Шурка вошел первым в скрипучие сенцы с худой крышей и наметенной вьюгами, утоптанной снежной дорожкой до порога. В сенцах, в ледяной луже, валялась кадка с одним нижним обручем, красовался порожний дубовый, перевернутый вверх днищем, вместительный ларь, на нем кучей лежала разная рухлядь, выглядывал хомут без гужей, сломанное коромысло, а по всем темным углам резко белели инеем толстые, давнишние тенета. Шурка подождал Яшку, тот, придерживая дрова рукой и подбородком, с трудом отодрал лохматую, из рваной рогожи, пакли и прибитых косыми крестиками лучинок замороженную дверь в избу. На ребят с порога пахнуло сырым, прокисшим теплом, землей, гнилью, как из затхлого подполья.
Кикиморы, нераздетые, нахохлясь, должно быть еще поругавшись, сидели рядышком на голбце, как на насесте. Они опять раскудахтались, благодарили наперебой славных, умных мальчуганов, прямо как из Питера, сразу видать, образованных молодых людей, гимназисты и есть, и распоряжались этими умными питерскими гимназистами напропалую. Баба Зина, важно говоря в нос, приказывала класть дрова в печь и поискать на шестке спички и бумажку на растопку. Баба Варя запрещала, требовала топить подтопок: варить им нечего, а тепла от подтопка больше, и дров останется, младенец понимает, а вот другим, взрослым, старым, невдомек.
Молодые образованные люди не знали, кого слушаться, топтались смущенно в полутьме у порога с дровами, которые порядком оттянули руки.
– Куда положить? Говорите толком! – взмолился наконец, рассердись, Яшка. – И не вндко‑то ничегошеньки, где печь, где подтопок… Ей – богу, брошу поленья! Сто минуточку брошу!
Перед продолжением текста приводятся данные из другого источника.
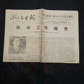 浙江日报1993年4月2日1~4版 政府工作报告 北仑电厂2号机组锅炉吊装完毕 浙江农大正大肉鸡发展中心奠基 遂昌县1991年1992年度重合同守信用单位名单
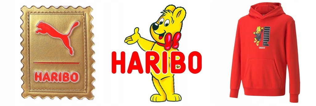 - Logo Puma i wesoły miś Haribo
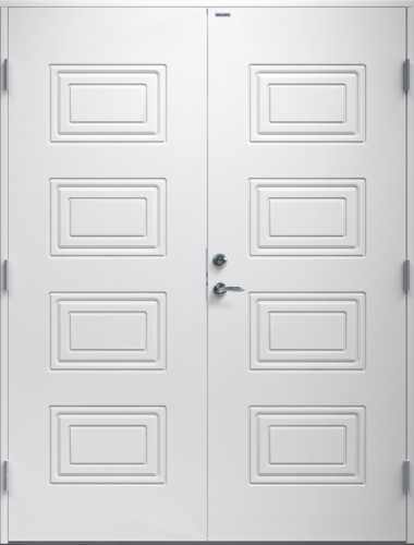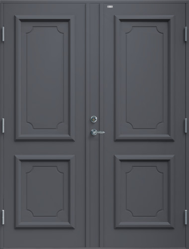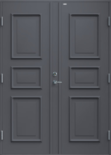 Parytterdörr i traditionell stil med speglar i form av spårfräst dekor.
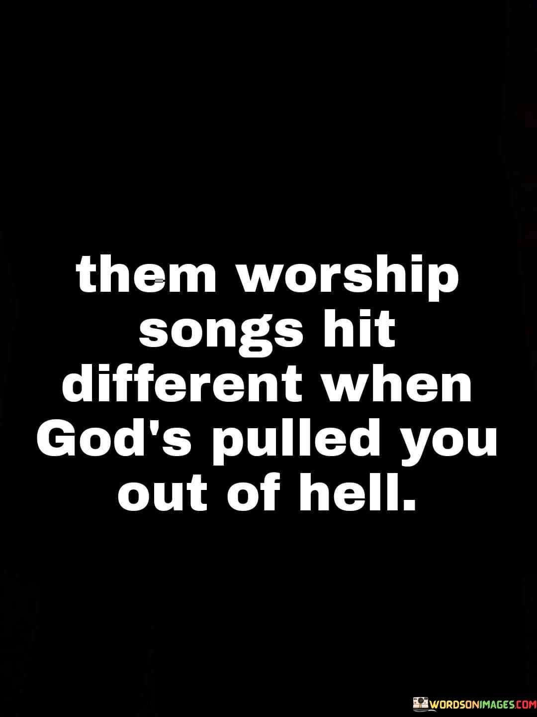 The quote "Them Worship Songs Hit Different When God's Pulled You Out of Hell" expresses the profound impact of faith and spirituality on a person's life, particularly when they have faced and overcome significant challenges or hardships. It suggests that the experience of coming through difficult times can deepen one's connection with God and make worship songs resonate on a deeper level.
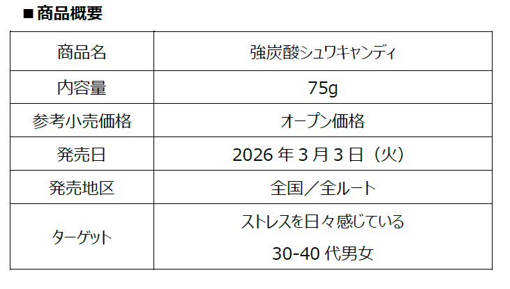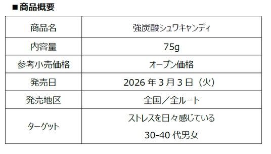 春先の新生活に向けて気分をリフレッシュでき、長く続くシュワシュワ感が魅力の「強炭酸シュワキャンディ」の発売により、お客様に笑顔をお届けしてまいります。
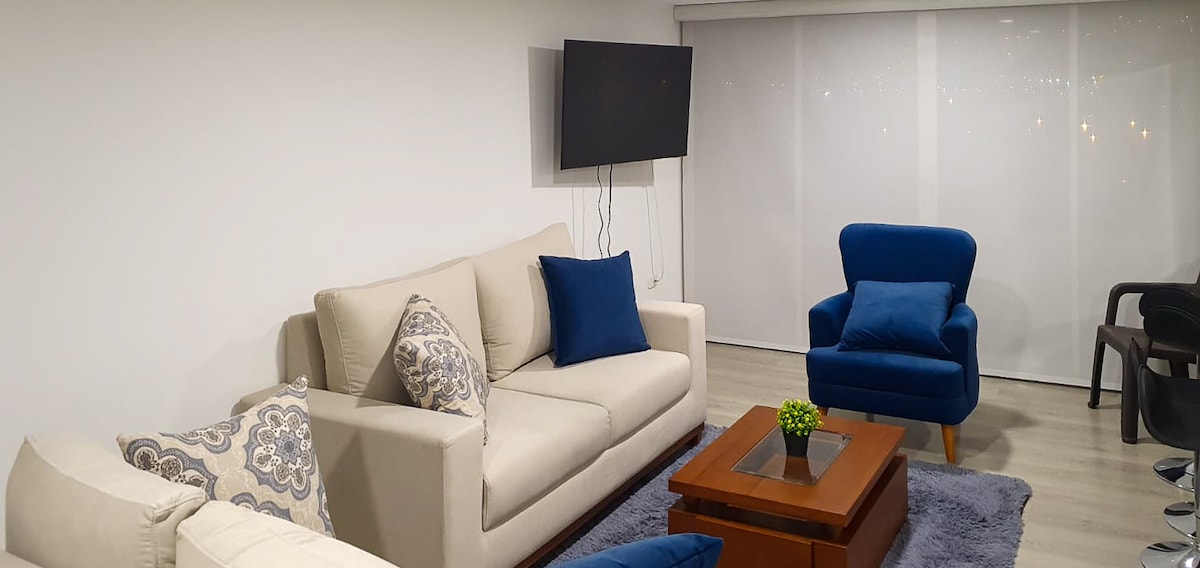 Luxury one bedroom in the most exclusive / safe area of Bogota (Chico) within walking distance from the best restaurants, shopping centers and close proximity to many businesses. Executive level accommodation with dedicated workspace, private terrace, automatic fireplace, reliable WiFi, private parking and building security. Ameneties: Enjoy the beautiful panoramic terrace with fireplace and outdoor grill. Also play squash and relax in the sauna or steam room.
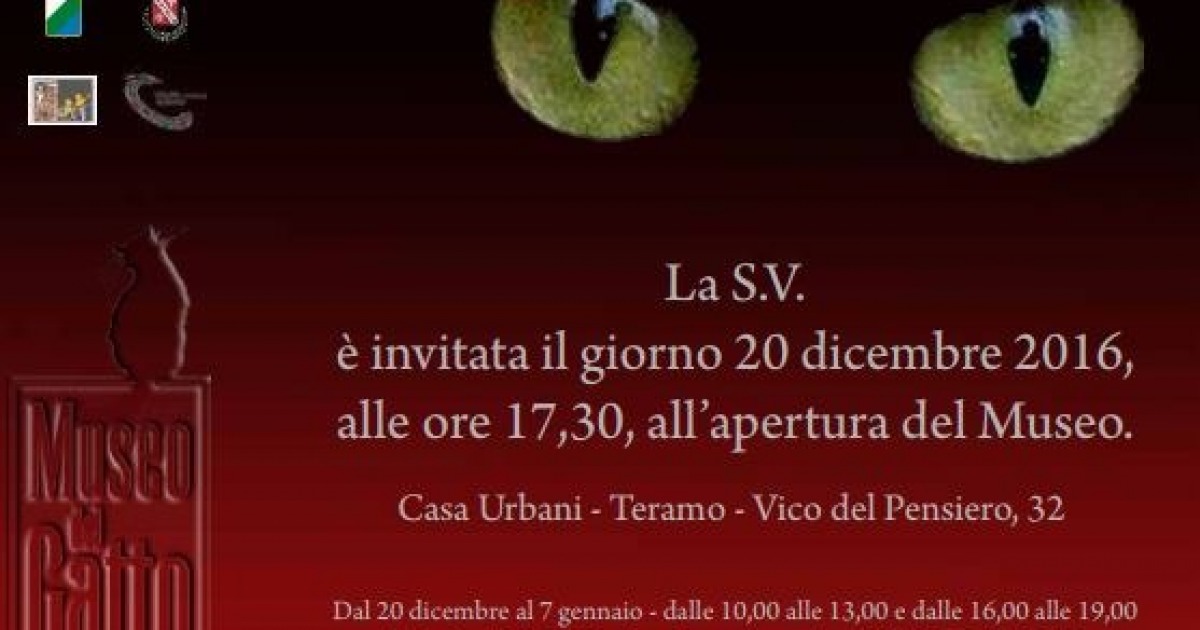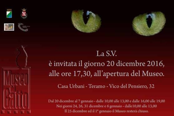 A TERAMO INAUGURA IL MUSEO DEL GATTO. Domani, martedì 20 dicembre, alle ore 17:30 verrà inaugurato il Museo del Gatto, allestito all'interno di Casa Urbani, in via del Pensiero. Si tratta del primo museo d'Italia dedicato ai gatti. Nella mattinata di domani, alle 10:00, il Sindaco di Teramo Maurizio Brucchi e il Presidente dell'IZS, Manola Di Pasquale, incontreranno gli organi di informazione per la preview nel corso della quale sarà presentato il nuovo sito espositivo cittadino.
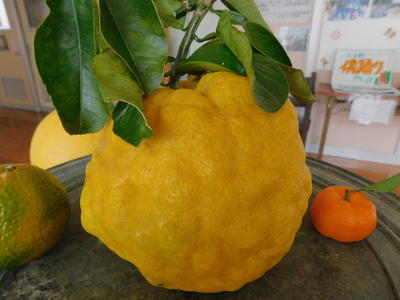 冬至の日に後援会長様よりジャンボ柚子をいただきました。

Кикиморы опомнились, помирились на подтопке, извинились, опять жалко замерсикали, пригласили благородных кавалеров посидеть с ними, с дамами, за компанию, хи – хи, отдохнуть, ах, угостить нечем, кушанья еще не готовили, такая досада и конфуз! Бабки, болтая, живехонько соскочили с голбца и сами расторопно, умеючи, принялись хозяйничать с дровами.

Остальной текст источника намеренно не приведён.